Build order (phased — "fully working" is incremental)

  • Phase 0 — refactor (no user-visible change). ✅ Extracted the orchestrator's loop from run_agent_turn into a reusable run_agent_loop(conn, messages, tools, …, emit) → str that chat and flow Agent nodes share. De-risked everything else.
  • Phase 1 — the spine. ✅ Module scaffold; @xyflow/react wrapped in core; the built-in node set; /api/flows persistence; three node types — Trigger(prompt), Agent, Output(pane); a topo-walking executor; the flow channel highlighting nodes/edges. Verified: drag prompt → agent → output, hit Run, watch it execute live against the local model.
  • Phase 2 — multi-agent + control flow.Tool node (manifest-derived, gated relay, with upstream→param mapping); ✅ If node (conditional branching with branch pruning + node_skipped). Remaining: Router/Switch (N-way), Map/Loop, Merge, Sub-flow; the flow.runs history + per-node inspector; typed input/output ports.
  • Phase 3 — triggers & polish. Schedule/Webhook/File-change triggers, Human-in-the-loop node, Transform/template node, flow export/import, and the meta-move: let the orchestrator author flows itself via flow-CRUD agent tools.

Decisions (settled in Phase 1)

  • Node registry ownership: the built-in node set is frontend-owned; Phase 2's Tool nodes derive from the agent capability manifest (serializeManifest), keeping the plugin-extensibility story (matches the tool manifest).
  • Transform safety: templates/JSONPath only; no arbitrary JS eval (no sandbox — consistent with the permissions doc).
  • Loops/cycles: the executor is a DAG (topo sort raises on a cycle); explicit Loop nodes come in Phase 2.
  • Where execution runs: the backend (consistent with "backend is the brain"); the frontend renders the canvas and relays tool calls, nothing more.

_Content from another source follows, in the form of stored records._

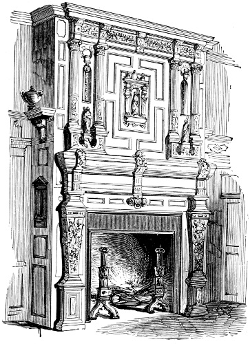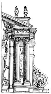 Shield-work was not so prominent in the pure Elizabethan as in the Jacobean (James I.) style; the carved stone escutcheon-like work from Crewe Hall, Cheshire, attributed to Inigo Jones (Fig. 439), shows the beginning of the Jacobean shield-work. This style is best seen in the carved-wood furniture of the period, and both it and the Elizabethan are generally speaking offshoots of the Flemish and German phases of the Renaissance. Elizabethan ornament is of great variety, the panelling and other arrangements are sometimes composed purely of strap-work of a rectangular flat perforated appearance, sometimes seen in the doorways and chimney fronts, as at Hardwick Hall, Haddon Hall, Speke and Crewe Halls. Another kind is of a more curved variety, with figures and 406animals, as seen in the illustration from an old house at Exeter now in Kensington Museum (Fig. 440); another kind 407is carved in rectangular or curved and notched frames of cartouche work with the smaller spaces and little panels carved in imitation of jewels with oval or lozenge-shaped facets. Columns of Ionic or Corinthian orders, and classic mouldings, dentils, and the egg and tongue were frequently used. The ceilings were often panelled and moulded, 409inclining in this respect more to the Gothic than classic. A bizarre kind of Renaissance architectural feature was prevalent in Holland and in some parts of Germany, which seems to have been the model for much of the “bolt and lock” style of some Elizabethan gateways. The architect Dietterlin, of Strassburg (1550-1599), was an extraordinary exponent of this twisted and bolted form of fantastic architecture, which had become only too fashionable at this period. The illustration (Fig. 441) shows an example of what might be called a mild specimen of the style of Dietterlin. The popularity of the Dietterlin craze was owing to the circulation of several volumes he had published of his impossible designs, some of which designs were evidently adapted by the Elizabethan architects, but in a much more reticent spirit.
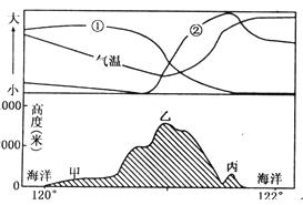 【小题2】由图可知台湾岛中部地势高,沿海地区地势低,西部平原分布较多;该岛地处中国东南沿海,季风气候显著,夏季来自太平洋的东南季风带来丰沛的水汽,岛屿东侧是山地迎风坡降水多,岛屿西侧是背风坡降水少,与②曲线相符;岛屿西侧降水少,晴天多,光照充足,岛屿东侧降水多,晴天少,光照相对较少,与①曲线相符,故选项B正确。
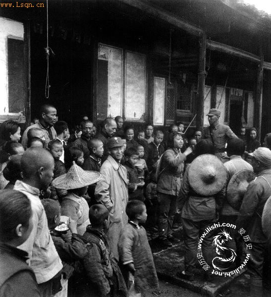 1939年,浙赣边区的游击队出发之前,由女队长向队员做动员讲话。
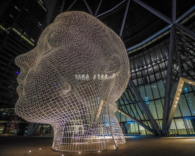 Located at the base of The Bow, the city's second (soon to be third) tallest tower, Wonderland is a white, bent-wire sculpture of a young girl’s head: Anna, from northern Spain, at age 12. Standing almost four storeys tall from the neck up, the sculpture has two openings that allow visitors to walk through the model, “to try to dream about how a head is from inside.”
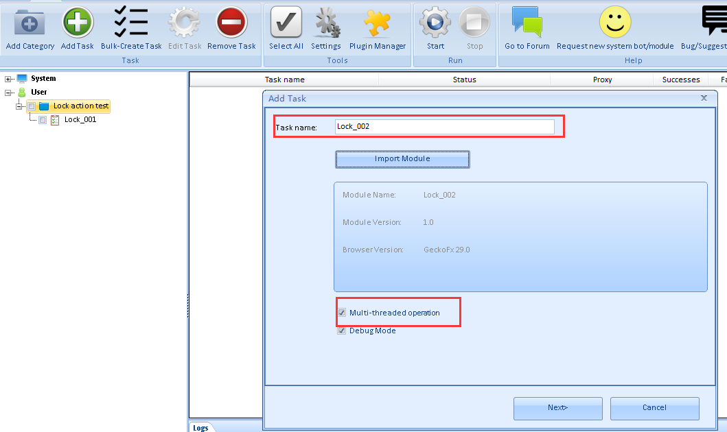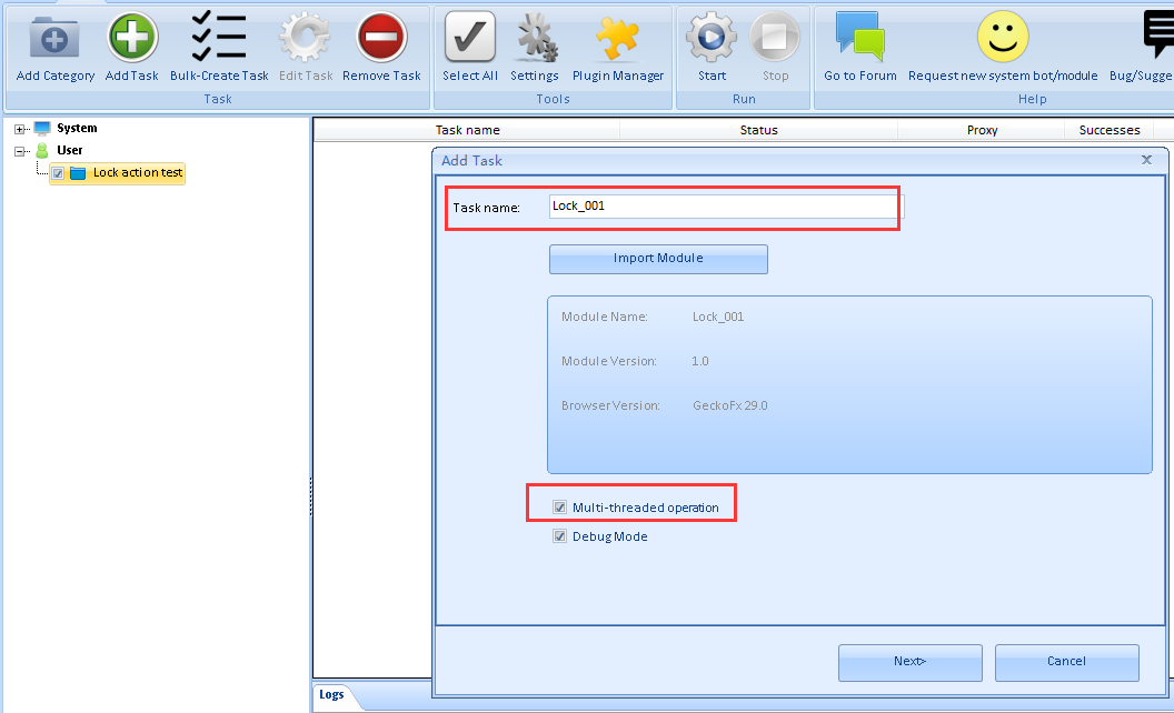 Lock action is to lock the running threads, and only allow one thread to run these actions below the lock action per time when you run your module with multiple threads. So this action solved the previous problem which cannot run the module with multiple threads when there are these actions in your module: Upload File, Mouse Emulation(web), KeyStrokes Emulation, Flash Action, New Captcha.

Contributions to the layout shell

  • Panels: flow.editor (center, multi-instance — one pane per open flow keyed by flowId param; falls back to the active flow when opened with no param), flow.library (left, singleton). flow.runs is Phase 2.
  • Panel group: flow.studioflow.library is the primary (the entry point that appears in the command palette). Opening Flows renders a PaneGroupShell with a ⬡ Canvas toggle in the strip; clicking it opens flow.editor as a resizable companion pane showing the active flow. The companion falls back to the active flow via getFlows().active (same logic the standalone editor uses when opened with no param). See panel groups.
  • Commands: flow.new (create + open a new flow), flow.openLibrary (open the library). (Run/stop live on the canvas toolbar; agent flow-CRUD tools are Phase 3.)
  • Layout preset: an Orchestration workflow layout (library · canvas) on the shell rail.

Backend surface

backend/modules/flow//api/flows CRUD (opaque graph blobs; per-run records are Phase 2), executor.py (the topo-walking scheduler), and the flow /ws channel for execution telemetry (node_started/node_token/node_finished/edge_fired/ run_finished/error). Tool/agent work is delegated, not reimplemented: Agent nodes call the shared AgentRunner; Tool nodes ride the existing agent-channel relay and permission gate. Pydantic models for the flow/run/event schema.

Browser vs desktop

Identical — a flow runs on the backend and streams over the shared socket, like the agent. Desktop adds the usual ergonomics: run-complete OS notifications, a global shortcut to trigger a flow, and (later) Schedule triggers surviving in the tray.